Решил поиграть, почему, не знаю, и сказал:
– С собой нет, да я завтра же позвоню, если вы…
Незаинтересованный вид. – Просто любопытно.
«Ах, думаю, ты тоже играть любишь. Учтем, учтем».
Мы сели несколько позади на стулья рядом. Разложили приготовленные альбомы: все-таки интересно, получится ли из кого-нибудь хотя бы Соколов-Скаля (был такой)? Впереди меня сидел стриженый с оттопыренными красными ушами. Он водил карандашом в воздухе нервно и быстро, будто рисуя какой-то капризный облик. И не оборачивался, хотя мы говорили довольно громко. Неужели нам придется совершать наше ментальное путешествие вместе с этими красными ушами?
– Сначала я вас всех заряжу творческой энергией.
– Как это будет?
– Вы почувствуете.
– А дальше?
– Дальше вы станете великими, не усмехайтесь, кем захотите, тем и будете.
– Рембрандтом, – почти утвердительно произнесла Беллочка.
– Не имеет значения. Боевая пятерка.
Подняла брови.
– Имя, говорю, не имеет значения.
– Может быть, будет возможность познакомиться с другими великими.
– Такими же, как мы, – догадался я. – А план-максимум?
– Есть и план-максимум. Когда нас будет много, достаточно много, ведь группы действия возникают повсюду, мы вот что сделаем. Тайны здесь нет.
– А все-таки? – сказала Беллочка.
– Добро не прячется по темным углам. Мы встретимся с нашими исконными противниками. Мы сразимся в Армагеддоне.
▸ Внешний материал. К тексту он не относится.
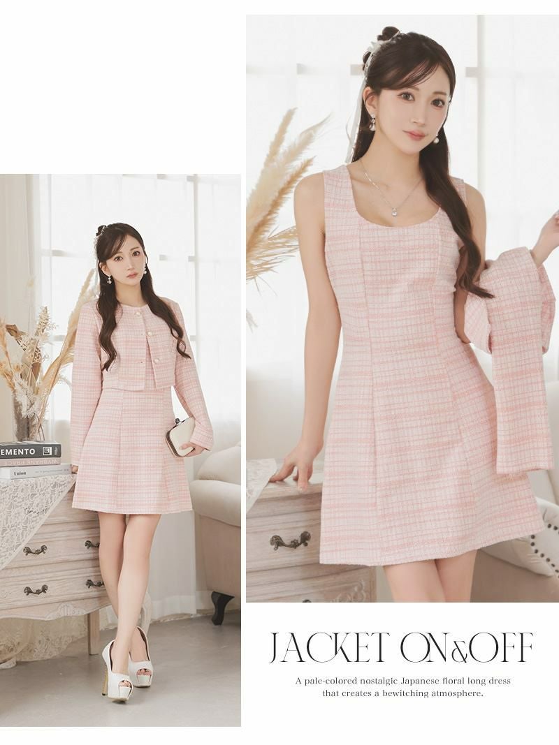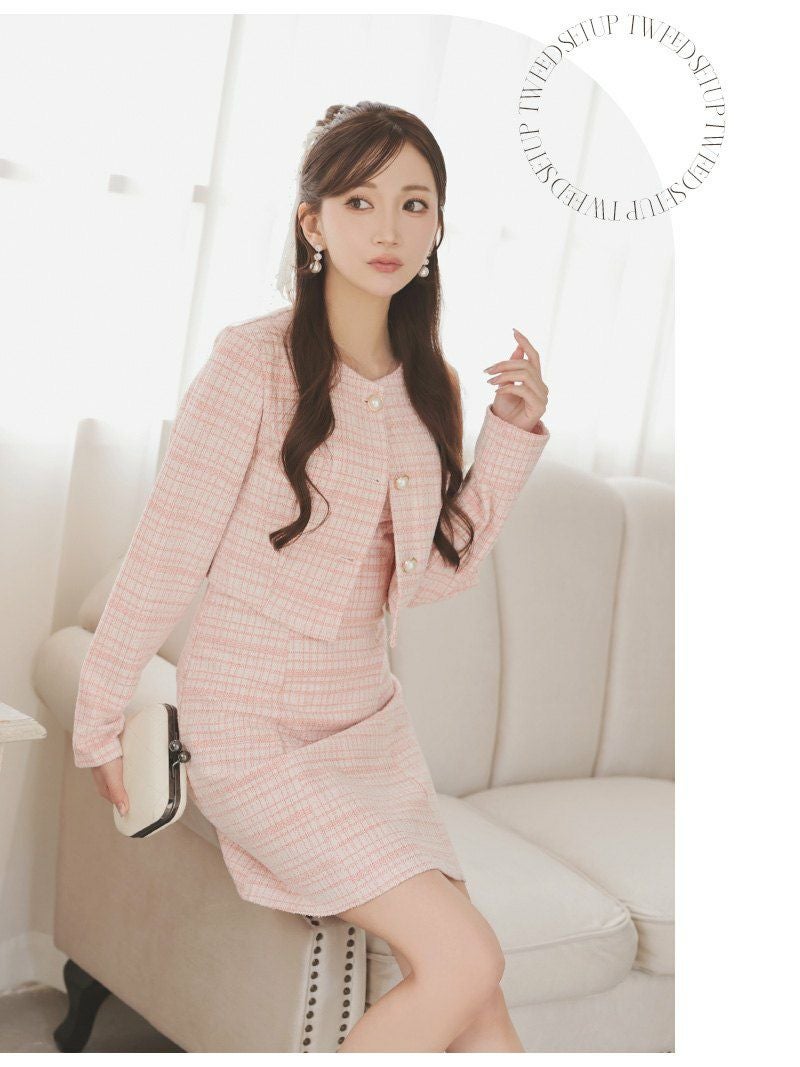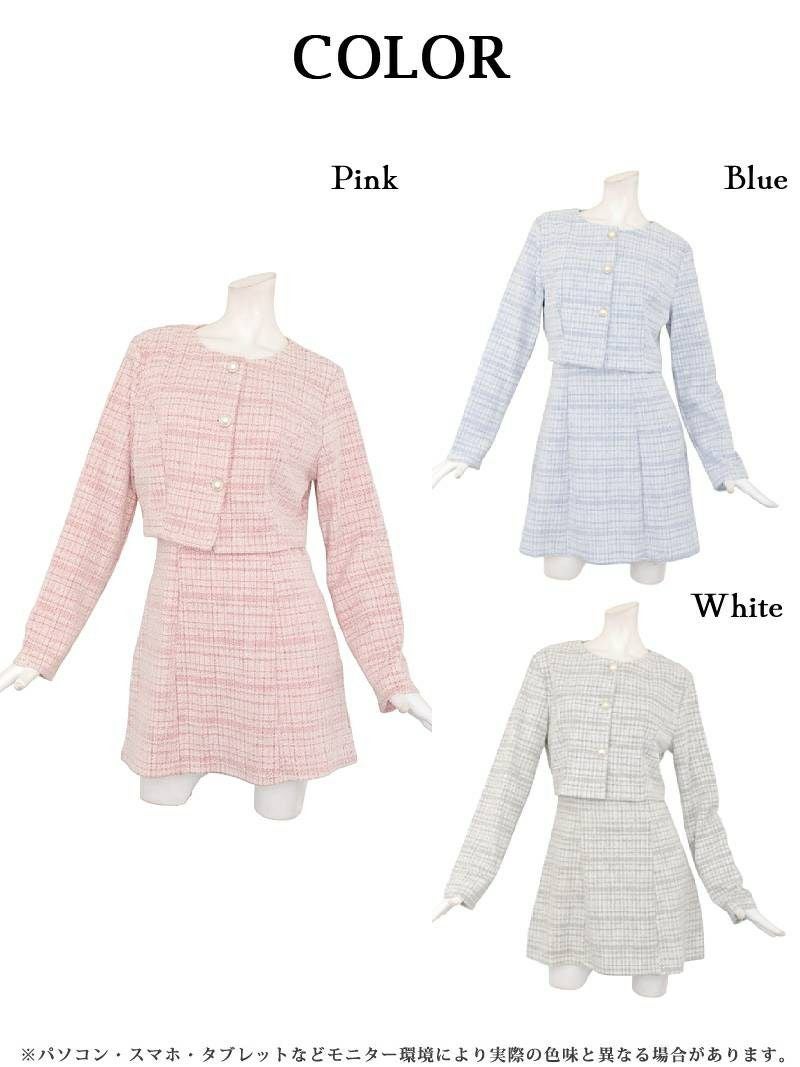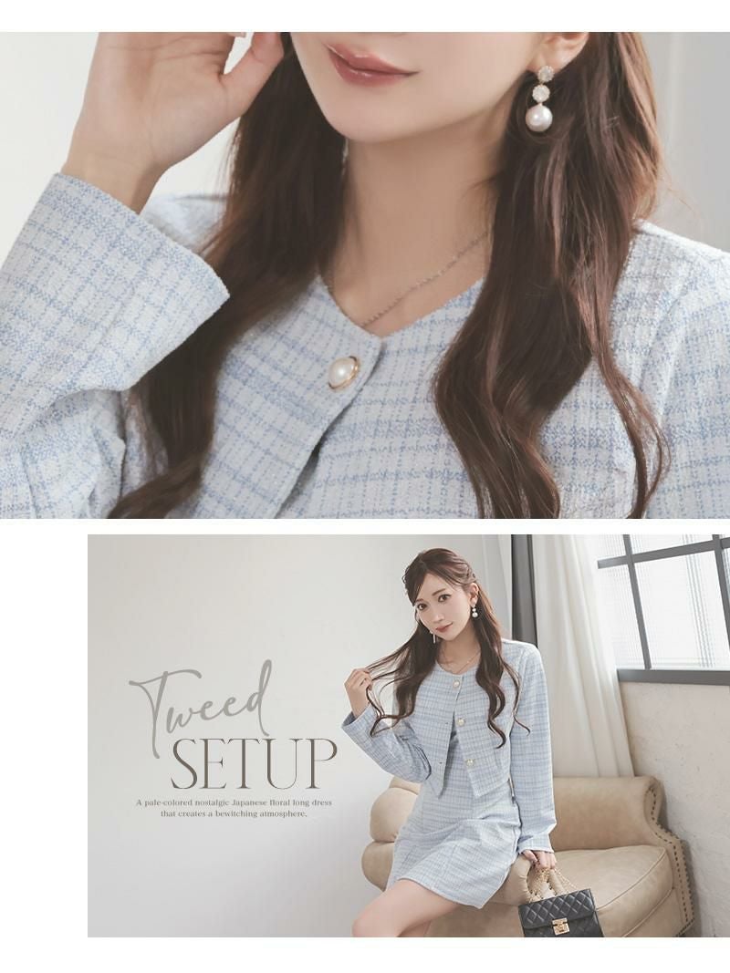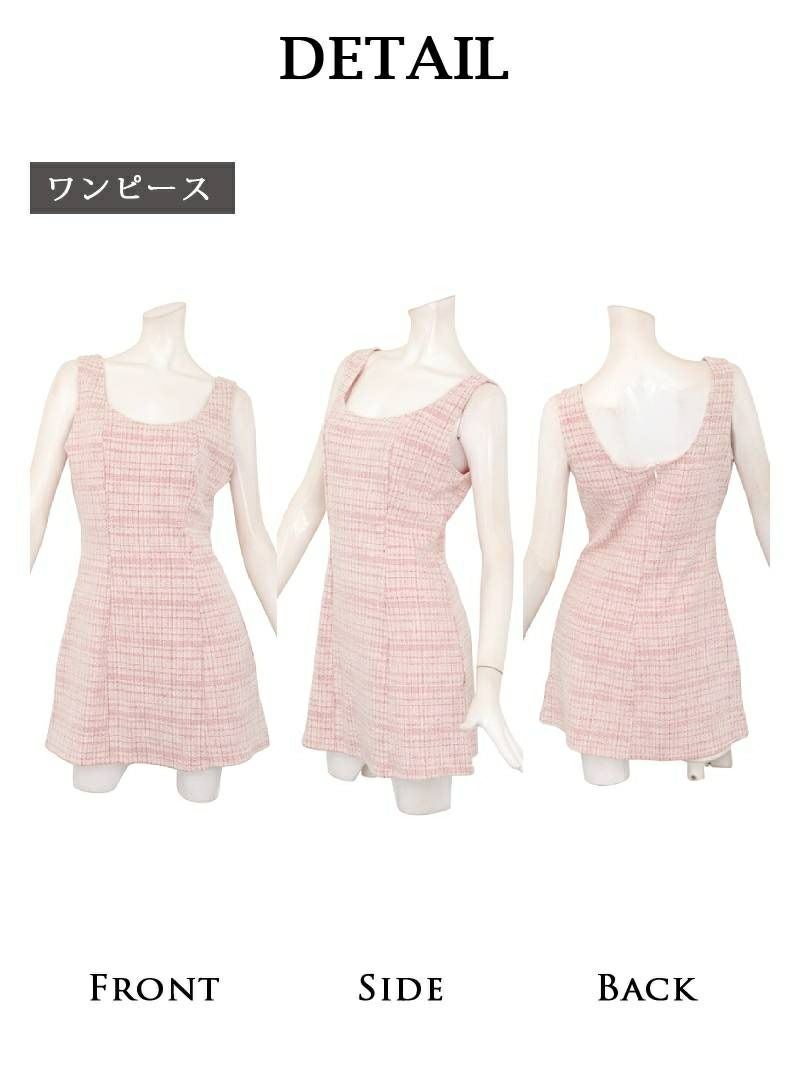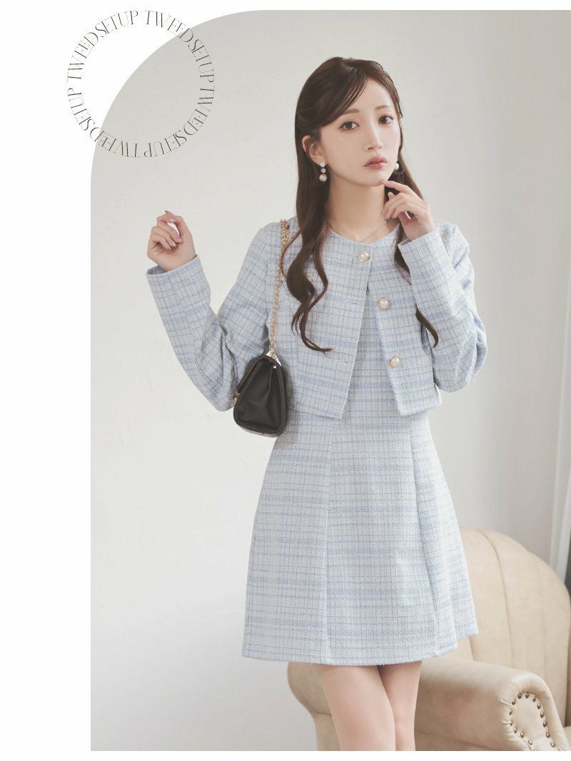 パールボタンとラメツイードで品格を纏う、清楚系チェック柄ワンピーススーツ。 先行予約割¥6980→¥6630!※一部予約販売※パールボタンが上品に輝くノーカラーのニットツイードチェック柄ワンピーススーツ 【Ryuyu】(XS/S/M/L)(ピンク/ブルー/ホワイト)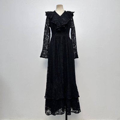 Black Lace V-neck Ruffled Long Sleeve Waist-cinched Maxi Dress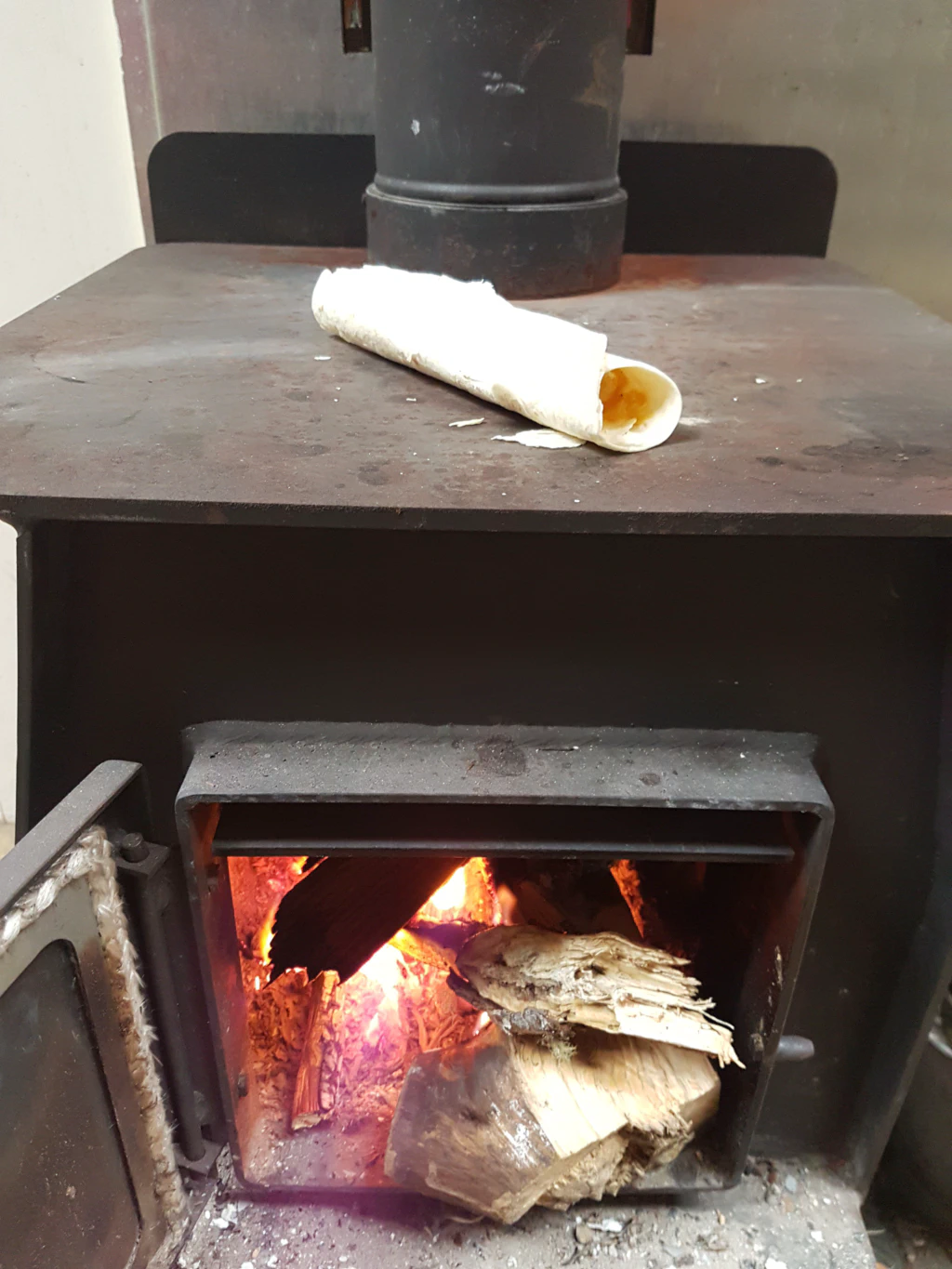 Eine Stunde später fing es erneut an wie aus Eimern zu gießen und hörte den gesamten restlichen Tag nicht auf! Glück gehabt! Und es gibt wahrlich Schlimmeres als bei einem warmen Feuerchen in einer Hütte zu sitzen und Wraps auf dem Ofen zu rösten (ok, einen Wrap pro Person – mehr sieht die Tagesration nicht vor).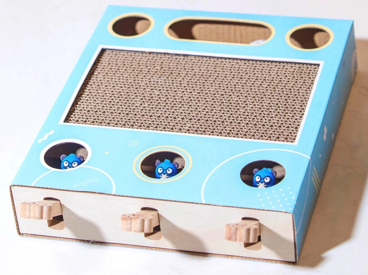 Dit design heeft 3 verschillende mollen die omhoog kunnen komen. Door dit uitgebreide design blijft het spelletje fris en nieuw. Uw kat zal nooit precies weten welke mol omhoog zal komen omdat u optimaal af kan wisselen. Naast de 3 mollen bevat het design een gleuf met speelbal en een vlak waaraan de kat zijn/haar nagels kan krabben.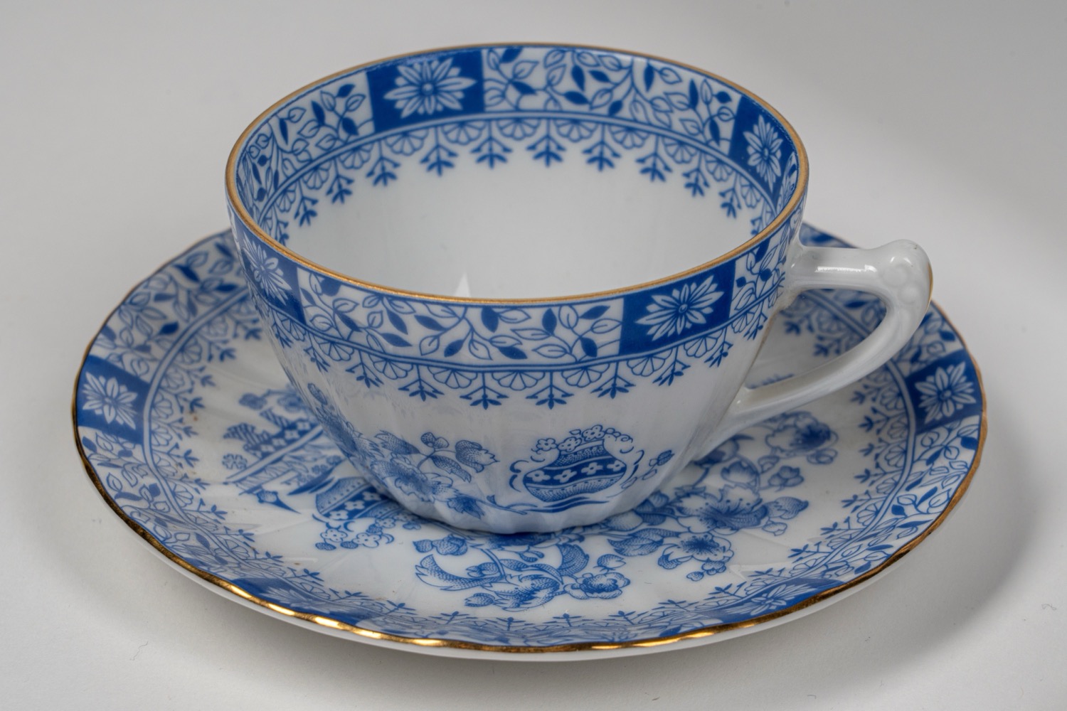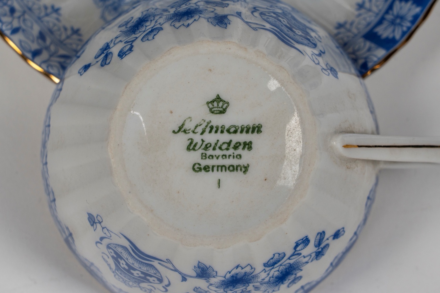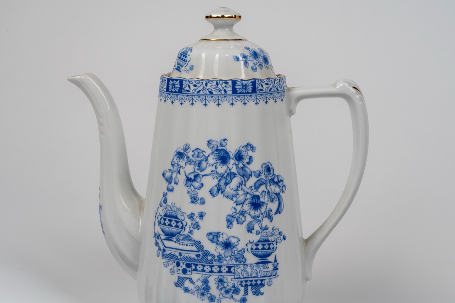 Servizio da caffe tete-à-tete in porcellana bianca costolata con profili dorati con decoro all'orientale in blu, Seltmann Weiden, Bavaria Germania

– Вы это серьезно говорите? – спросила Беллочка.
– Вполне.
– Армагеддон – это в Библии, место за Иерусалимом, на котором происходят сражения духов. Говорят, до сих пор ночами там слышен лязг мечей и звон доспехов, крики ярости и стоны умирающих, – тревожно блестя глазами, сказала она.
– Нас же всех раскромсают на кусочки, – заметил я полусерьезно.
– Это духовные битвы. Самое большое, что нам грозит, потерять свое «Я», – вполне серьезно ответил Вэвэ. – Но и это нам не грозит, мы явимся, как духи умиротворения.
– Покончить с общим раздором? Глобально, – сказал Ефим.
– Ну, сначала надо научиться выходить в астрал и там лиловеть.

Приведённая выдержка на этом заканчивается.